--- BRIEF ---
Each line below should be retyped exactly, with no pictures.

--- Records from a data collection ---
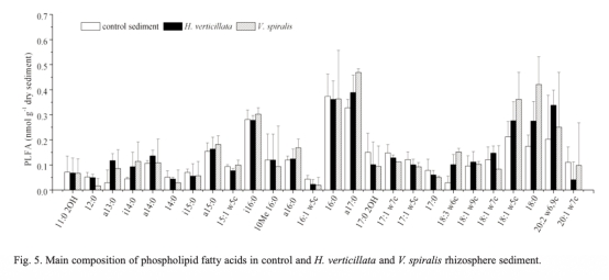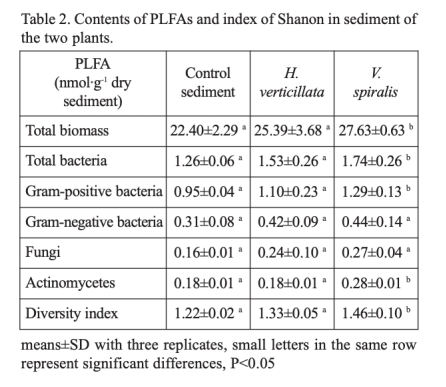 摘要闡述了根徑向氧損失(ROL)是保護(hù)植物免受土壤厭氧產(chǎn)物影響的重要過程。研究旨在測(cè)試兩種沉水植物(黑藻和苦草)的根ROL對(duì)根際氧剖面和根際微區(qū)的影響。使用磷脂脂肪酸(PLFA)分析沉積物微生物群落。結(jié)果顯示兩種植物在ROL上存在顯著差異,影響根際物理化學(xué)參數(shù)和微生物群落。苦草的根際總生物量、細(xì)菌、革蘭氏陽(yáng)性菌、放線菌和微生物多樣性顯著高于黑藻。研究強(qiáng)調(diào)根ROL是影響根際微區(qū)微生物群落的關(guān)鍵參數(shù)。
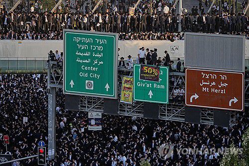 이날 오후 시위 참가자들이 예루살렘으로 대거 모여들면서 텔아비브와 이어진 1번 고속도로와 지하철, 버스 등 대중교통이 사실상 마비됐습니다.
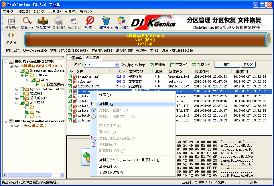 當所有要恢復的文件都復制出來后。可以通過“分區 - 重新加載當前分區”菜單項釋放當前分區在內存中的暫存數據,并從磁盤加載當前分區,顯示分區的當前狀態。
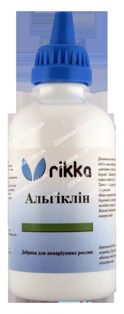 Описанние АльгиклинаУ прісноводних акваріумах часто зявляються небажані водорості:бурісиньо-зеленізеленіниткоподібні та ін.Причиною спалаху розмноження, наприклад, синьо-зелених водоростей, стає надмірна кількість органіки у воді (при зайвому годівлі риб, рідкісної прибирання або розкладання когось із великих мешканців акваріума). Положення посилюється нестачею кисню у воді, а також підвищеною температурою. Червоні водорості, або родофити, зявляються в результаті сильної забрудненості акваріума, але зустрічаються рідко.Бурі водорості (діатомеї) заводяться від малої освітленості або неправильного світла (без синього і червоного складового).Для боротьби з подібними паразитами застосовують препарат Альгиклин rikka. Засіб активно знищує тільки клітини небажаних водоростей, абсолютно не надаючи негативного впливу на акваріумні рослини і риб. Цей засіб працює обережно і поступово.Очищая воду до полной прозрачности, Альгиклин виделяет в окружающую среду углекислоту (СО2) в больших количествах, что прекрасно сказивается на росте и развитии полезних водорослей. Многими аквариумистами препарат часто используется, как искусственний источник дополнительного углекислого газа.Способ примененияАльгиклинвипускается в бутилочках с дозатором. Рекомендовано инструкцией добавлять 10 мл (10 нажатий дозатора) на 100 л води в аквариуме в месте, где идет активное движение води (возле насоса). Через сутки применение повторить по мере необходимости.Якщо Альгиклин використовується не проти водоростей, а в якості джерела додаткової вуглекислоти, то в воду додають щодня по 3 мл на 100 л. Максимально можливо перевищувати дозування в три рази.Препарат можна купити в розфасовці 100 мл, 250 млВиробництво: Rikka Україна. Термін придатності 2 роки.
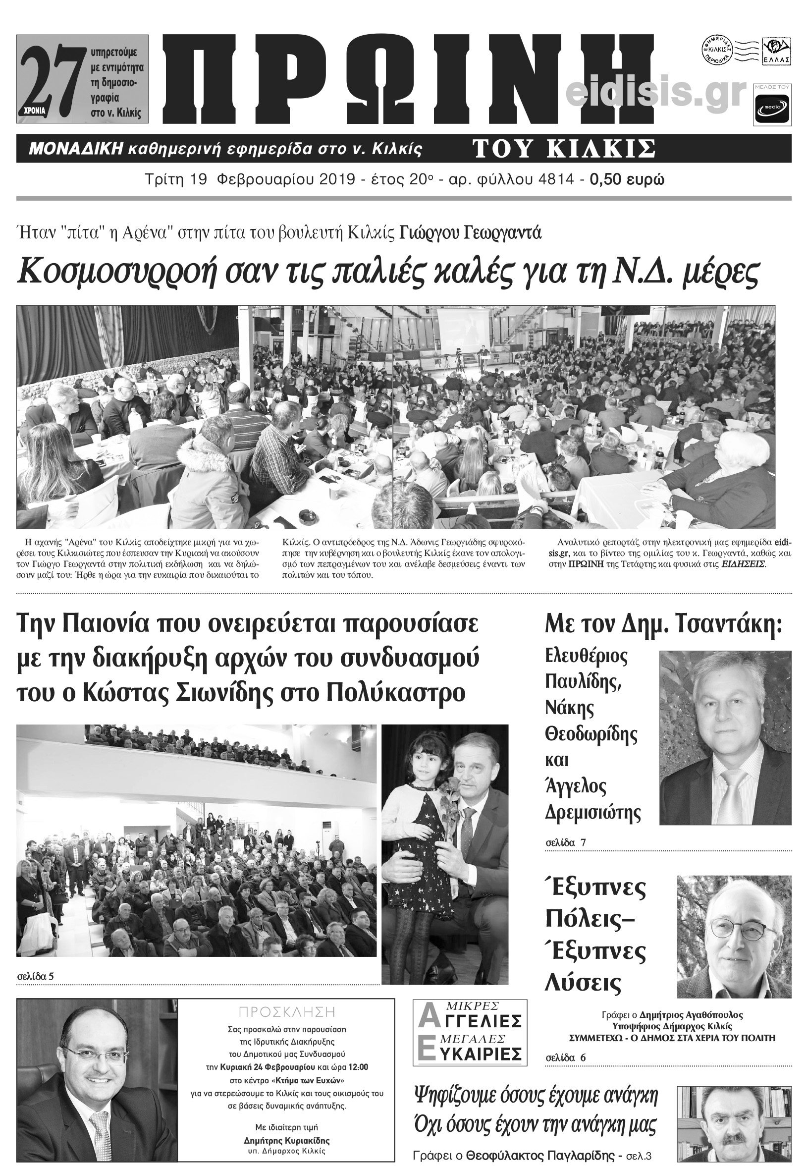 Διαβάστε το νέο πρωτοσέλιδο της Πρωινής του Κιλκίς, μοναδικής καθημερινής εφημερίδας του ν. Κιλκίς
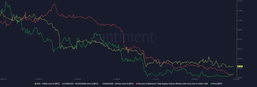 В целом киты по-прежнему скептически относятся к движению цены BTC, а ценовое действие все еще находится в сильной просадке.
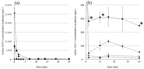 (a) Active GLP-1 concentration in plasma after subcutaneous injection for 25 days. (b) Magnification of the area between Days 6 and 25. GLP-1 solution (×), F(P1) containing GLP-1 (●), F(P1/D+PA40) containing GLP-1 (■), and F(P1/D+PA40) without GLP-1 (◆). The data are shown as the mean ± SD (n = 3–6). * p < 0.05 vs. F(P1) containing GLP-1.
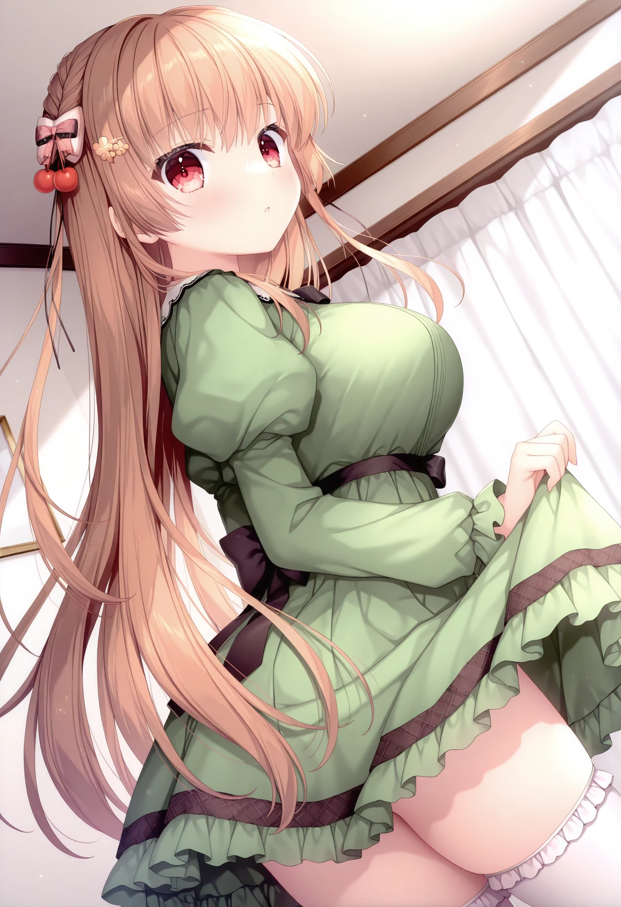 masterpiece, newest, absurdres, highres, 1girl, c-shirahane, very long hair, light brown hair, hair bow, cherry hair ornament, red eyes, dress shirt, red underbust, juliet sleeves, long sleeves, white frilled skirt, black bowtie, bow thighhighs, looking at viewer, indoors, dutch angle,Negative prompt ❌:
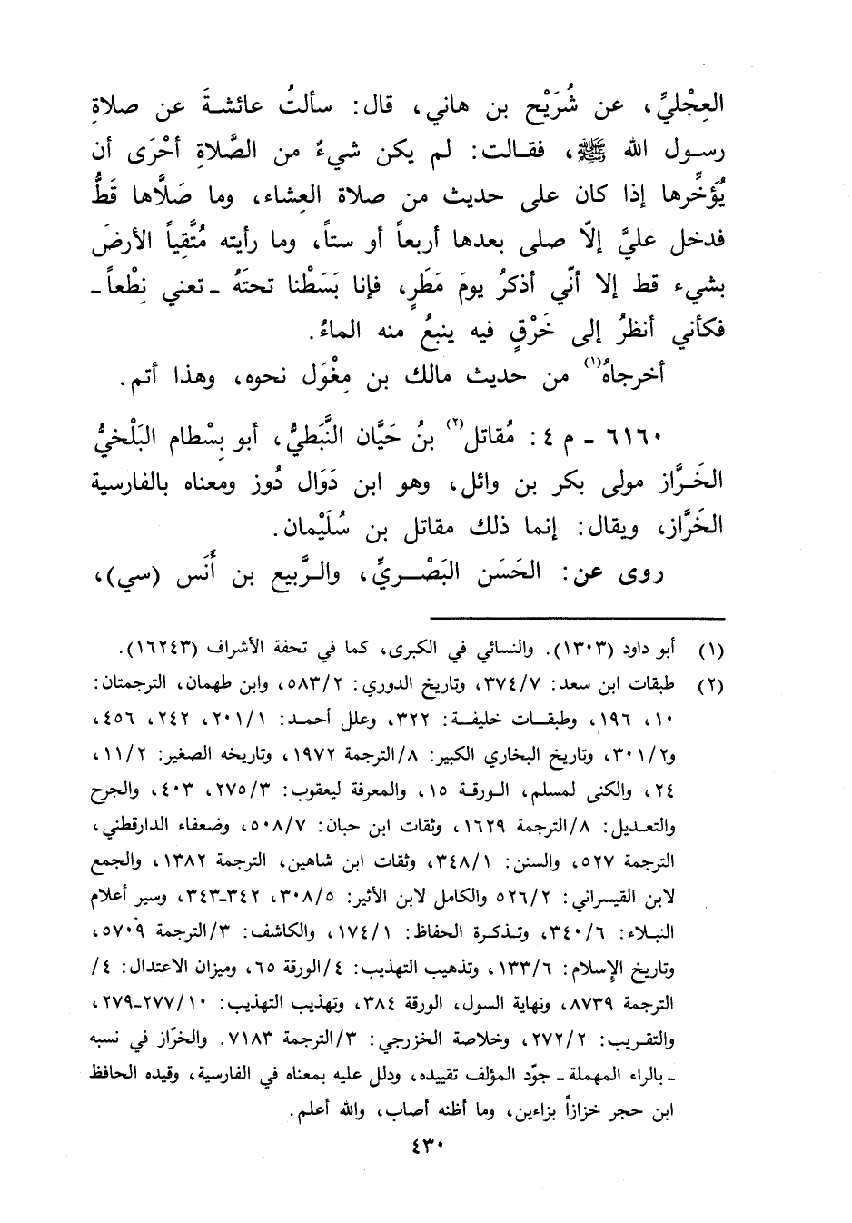 6160 - م 4: مُقَاتِلُ بن حَيَّانَ النِّبْطِيّ (2) ، أَبُو بسطام البلخي الخراز مولى بكر بْن وائل، وهو ابن دوال روز ومعناه بالفارسية الحراز، ويُقال: إنما ذلك مقاتل بْن سُلَيْمان.

--- WRITTEN RESPONSE ---
 摘要闡述了根徑向氧損失(ROL)是保護(hù)植物免受土壤厭氧產(chǎn)物影響的重要過程。研究旨在測(cè)試兩種沉水植物(黑藻和苦草)的根ROL對(duì)根際氧剖面和根際微區(qū)的影響。使用磷脂脂肪酸(PLFA)分析沉積物微生物群落。結(jié)果顯示兩種植物在ROL上存在顯著差異,影響根際物理化學(xué)參數(shù)和微生物群落。苦草的根際總生物量、細(xì)菌、革蘭氏陽(yáng)性菌、放線菌和微生物多樣性顯著高于黑藻。研究強(qiáng)調(diào)根ROL是影響根際微區(qū)微生物群落的關(guān)鍵參數(shù)。
 이날 오후 시위 참가자들이 예루살렘으로 대거 모여들면서 텔아비브와 이어진 1번 고속도로와 지하철, 버스 등 대중교통이 사실상 마비됐습니다.
 當所有要恢復的文件都復制出來后。可以通過“分區 - 重新加載當前分區”菜單項釋放當前分區在內存中的暫存數據,并從磁盤加載當前分區,顯示分區的當前狀態。
 Описанние АльгиклинаУ прісноводних акваріумах часто зявляються небажані водорості:бурісиньо-зеленізеленіниткоподібні та ін.Причиною спалаху розмноження, наприклад, синьо-зелених водоростей, стає надмірна кількість органіки у воді (при зайвому годівлі риб, рідкісної прибирання або розкладання когось із великих мешканців акваріума). Положення посилюється нестачею кисню у воді, а також підвищеною температурою. Червоні водорості, або родофити, зявляються в результаті сильної забрудненості акваріума, але зустрічаються рідко.Бурі водорості (діатомеї) заводяться від малої освітленості або неправильного світла (без синього і червоного складового).Для боротьби з подібними паразитами застосовують препарат Альгиклин rikka. Засіб активно знищує тільки клітини небажаних водоростей, абсолютно не надаючи негативного впливу на акваріумні рослини і риб. Цей засіб працює обережно і поступово.Очищая воду до полной прозрачности, Альгиклин виделяет в окружающую среду углекислоту (СО2) в больших количествах, что прекрасно сказивается на росте и развитии полезних водорослей. Многими аквариумистами препарат часто используется, как искусственний источник дополнительного углекислого газа.Способ примененияАльгиклинвипускается в бутилочках с дозатором. Рекомендовано инструкцией добавлять 10 мл (10 нажатий дозатора) на 100 л води в аквариуме в месте, где идет активное движение води (возле насоса). Через сутки применение повторить по мере необходимости.Якщо Альгиклин використовується не проти водоростей, а в якості джерела додаткової вуглекислоти, то в воду додають щодня по 3 мл на 100 л. Максимально можливо перевищувати дозування в три рази.Препарат можна купити в розфасовці 100 мл, 250 млВиробництво: Rikka Україна. Термін придатності 2 роки.
 Διαβάστε το νέο πρωτοσέλιδο της Πρωινής του Κιλκίς, μοναδικής καθημερινής εφημερίδας του ν. Κιλκίς
 В целом киты по-прежнему скептически относятся к движению цены BTC, а ценовое действие все еще находится в сильной просадке.
 (a) Active GLP-1 concentration in plasma after subcutaneous injection for 25 days. (b) Magnification of the area between Days 6 and 25. GLP-1 solution (×), F(P1) containing GLP-1 (●), F(P1/D+PA40) containing GLP-1 (■), and F(P1/D+PA40) without GLP-1 (◆). The data are shown as the mean ± SD (n = 3–6). * p < 0.05 vs. F(P1) containing GLP-1.
 masterpiece, newest, absurdres, highres, 1girl, c-shirahane, very long hair, light brown hair, hair bow, cherry hair ornament, red eyes, dress shirt, red underbust, juliet sleeves, long sleeves, white frilled skirt, black bowtie, bow thighhighs, looking at viewer, indoors, dutch angle,Negative prompt ❌:
 6160 - م 4: مُقَاتِلُ بن حَيَّانَ النِّبْطِيّ (2) ، أَبُو بسطام البلخي الخراز مولى بكر بْن وائل، وهو ابن دوال روز ومعناه بالفارسية الحراز، ويُقال: إنما ذلك مقاتل بْن سُلَيْمان.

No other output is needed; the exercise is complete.